Update on the Treatment and Prevention of Community-acquired Pneumonia in Children

Elias B. Chahine, PharmD, BCPS; M. Steven Mayberry, PharmD


US Pharmacist 

In This Article

Abstract and Introduction


The World Health Organization estimates that more than 150 million cases of pneumonia occur each year in children aged <5 years.[1] Pneumonia is a leading cause of morbidity and mortality in this population, resulting in approximately 1.4 million deaths annually—more than AIDS, malaria, and tuberculosis combined.[2] While pediatric pneumonia is more prevalent and deadly in the developing world, it is common in Europe and North America, occurring at a rate of 4 cases per 100 preschool-aged children, 2 cases per 100 children aged 5 to 9 years, and 1 case per 100 children aged 9 to 15 years.[1–3] The CDC reported that, from 2008 to 2009, the rate of infant mortality from pneumonia in the United States was 5.1 deaths per 100,000.[4]

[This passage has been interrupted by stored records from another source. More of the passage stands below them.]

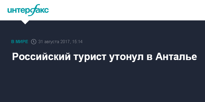 Москва. 31 августа. INTERFAX.RU - Российский турист Николай Белов утонул в водохранилище Оймапинар на курорте Манавгат в турецкой провинции Анталья в среду, сообщает телеканал CNN Turk.
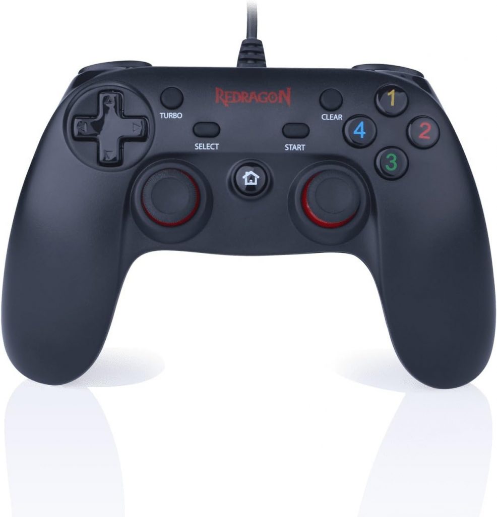 Outra marca conhecida que não poderia ficar de fora desta seleção com os melhores controles baratos para PC é a Redragon. E sim, o Saturn G807 merece uma atenção especial. Afinal, o produto apresenta um acabamento muito bom e fica claro que sua estrutura foi feita para durar. O layout segue o padrão dos consoles PlayStation e podemos dizer que a pegada é favorecida por um formato bem interessante e pelo ótimo revestimento. O D-pad é uma peça única e isso pode não agradar a certos usuários, mas trata-se de uma questão de gosto. Ainda assim, os analógicos, os gatilhos e os botões respondem de forma eficiente e garantem uma ótima sensação tátil. E como ainda temos um botão turbo, podemos dizer que esse controle com fio é uma opção bem completa e eficiente.
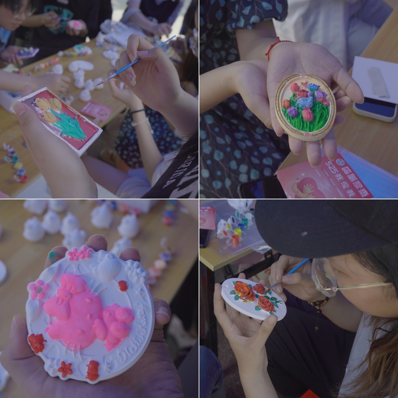 打卡第三站:石膏绘画,享受缤纷人生。通过画笔去描绘美好的事物,活动中,同学们认真地调色、勾线、涂抹,用丰富的想象力和创造力绘染着自己的石膏娃娃,并互相配合,共同涂鸦,将各种各样的色彩涂在石膏娃娃上,素白的石膏经过色彩点缀而变得精妙绝伦,仿佛拥有了鲜活的生命。完成创作后,同学们将手绘作品保存留念,这不仅是艺术创作的过程,更是一次心理疏导的过程。
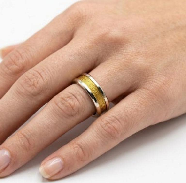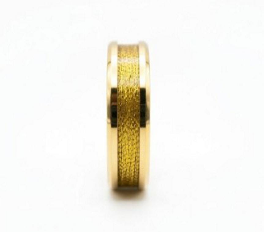 This genuine Gold Plated Tungsten Carbide ring inlaid with genuine Gold Shiny Thread.
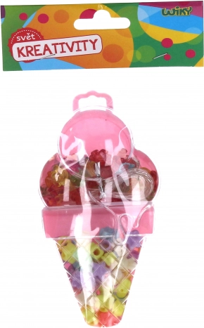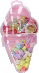 Ontdek de leuke kralenset in de vorm van een ijsje, met kralen in verschillende maten en kleuren, plus een koord voor makkelijk rijgen.
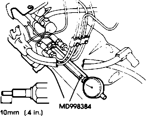 6. Set up the Prestroke Measuring Adapter (M 998384). *Be sure the push rod is adjusted to 10 mm (0.4 in.) then thread the adapter and dial indicator into the rear of the pump to a point where it lightly contacts the pump.
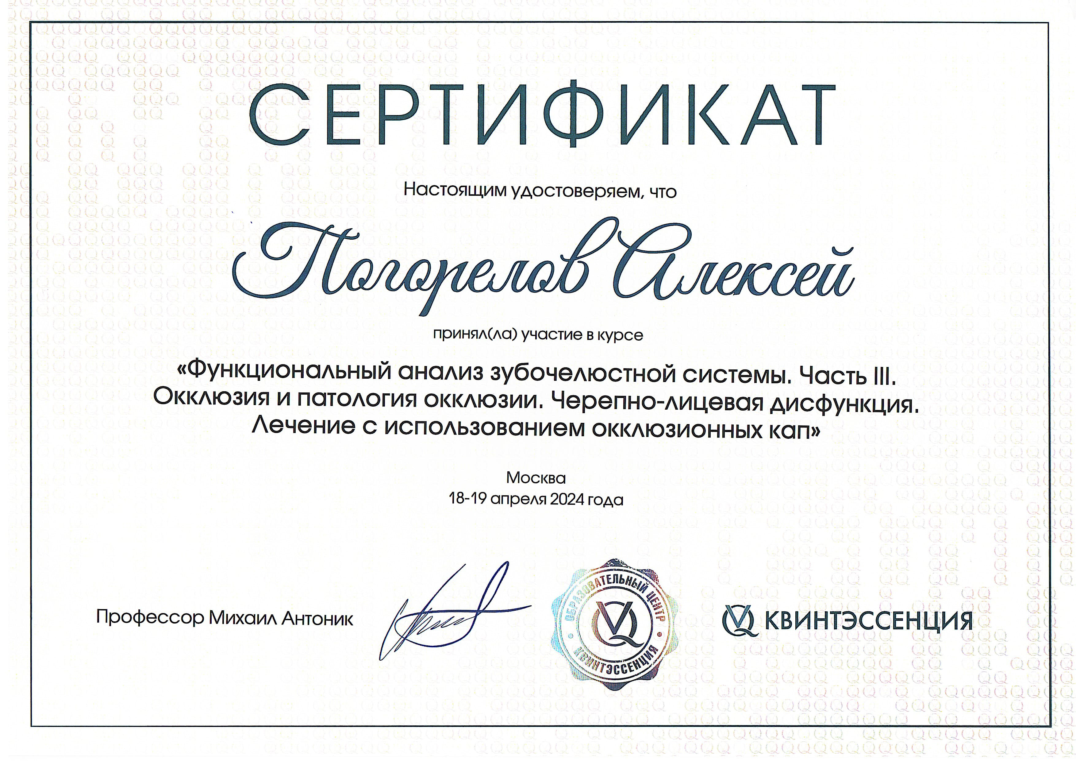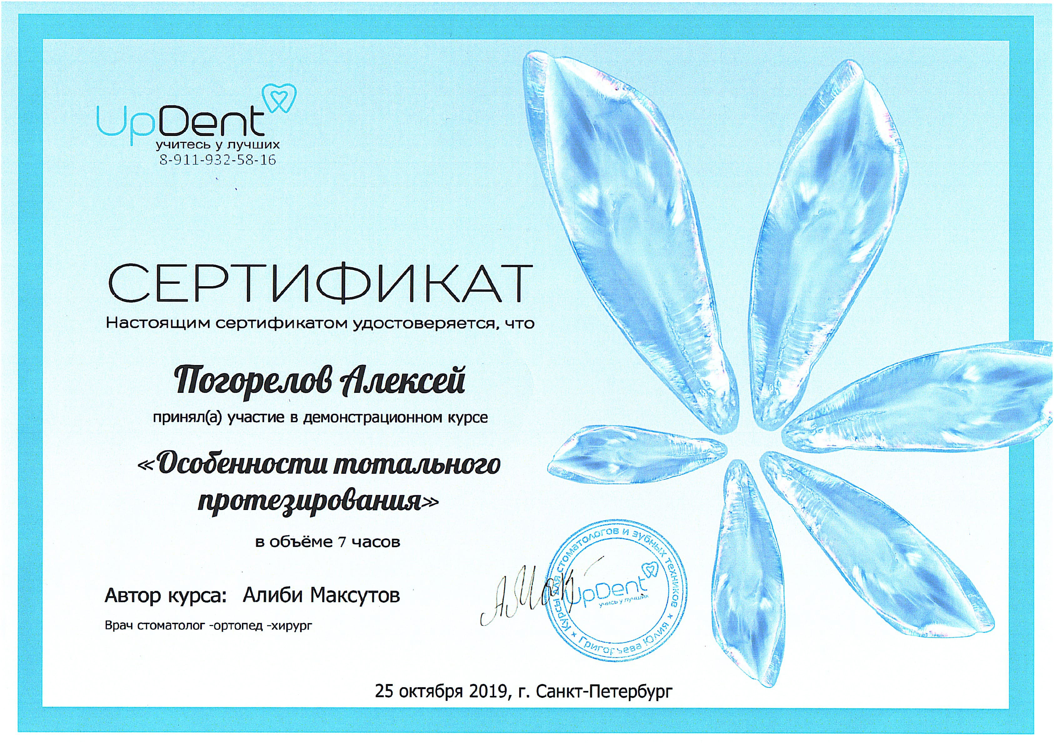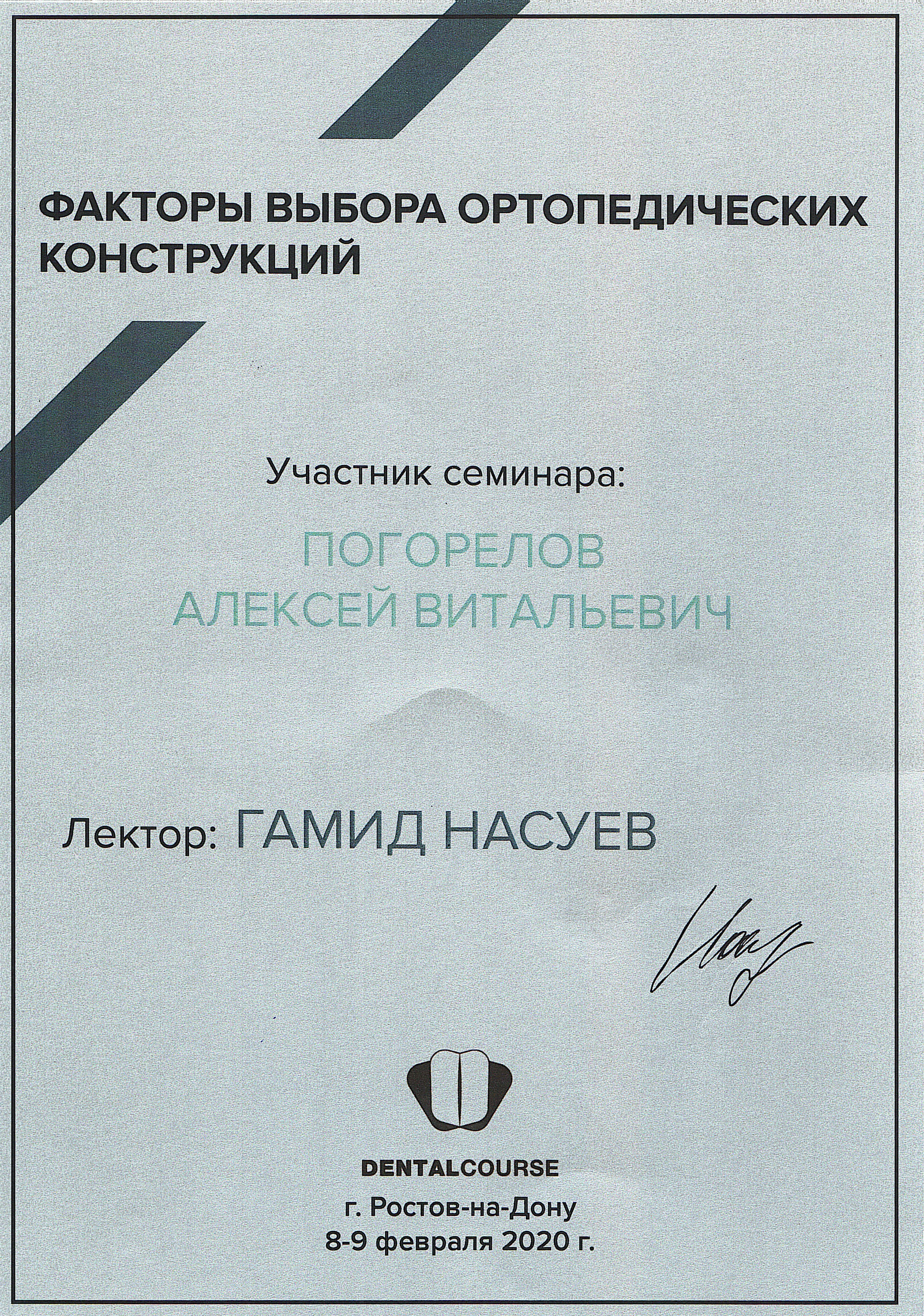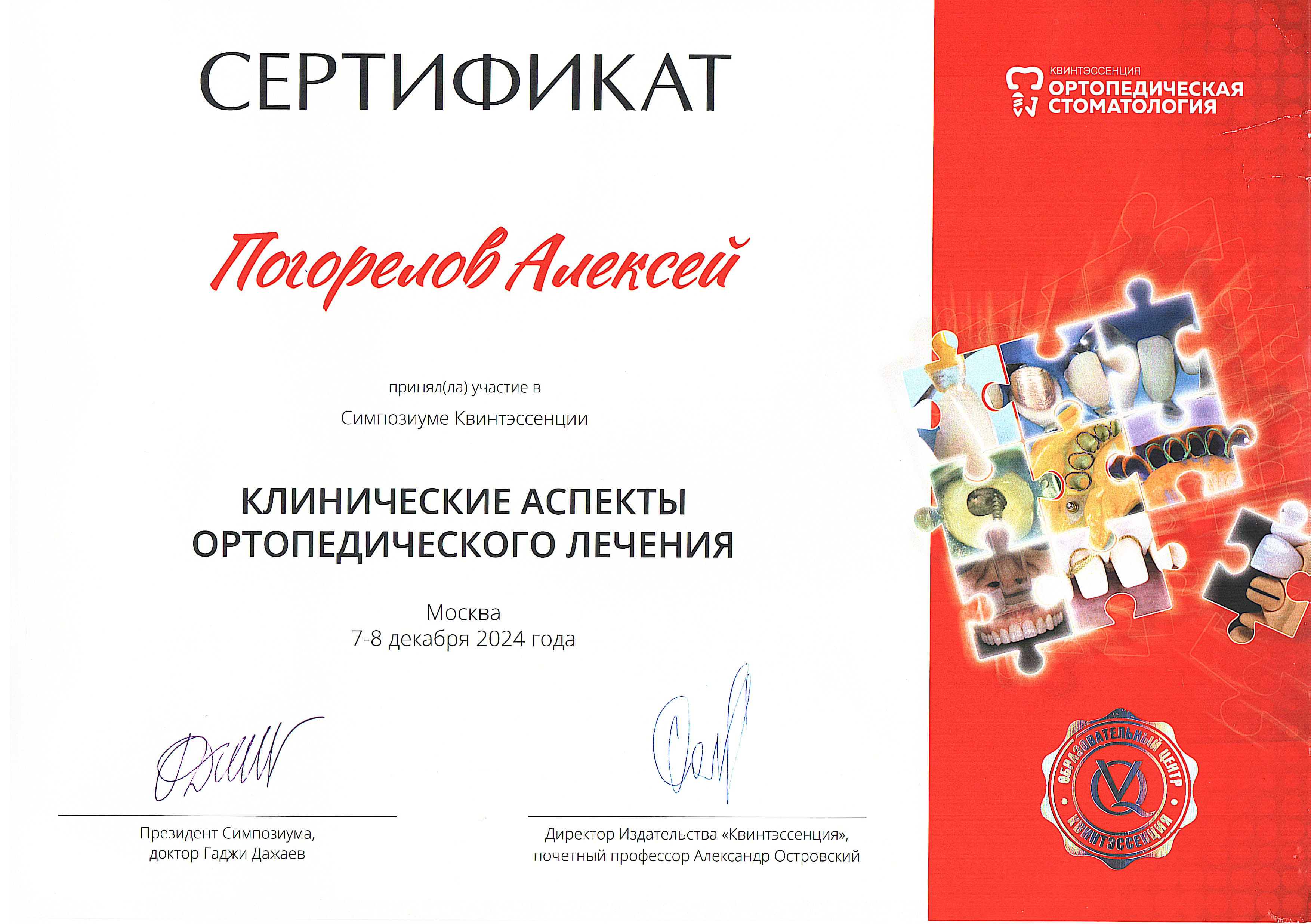 2016 г. — ФБГОУ ВО "Смоленский ГМУ". Научно-практический семинар "Современные технологии, применяемые при стоматологической реабилитации пациентов ортопедическими методами".

Practice guidelines for the management of adults with community-acquired pneumonia (CAP) have been demonstrated to reduce associated morbidity and mortality.[5,6] In an attempt to extrapolate these positive outcomes to the pediatric population, the Pediatric Infectious Diseases Society (PIDS) and the Infectious Diseases Society of America (IDSA) released new (August 2011) guidelines for the management of CAP in infants and children aged >3 months.[7] This review is intended to educate pharmacists and pharmacy technicians about the proper management of CAP in immunocompetent children according to these guidelines.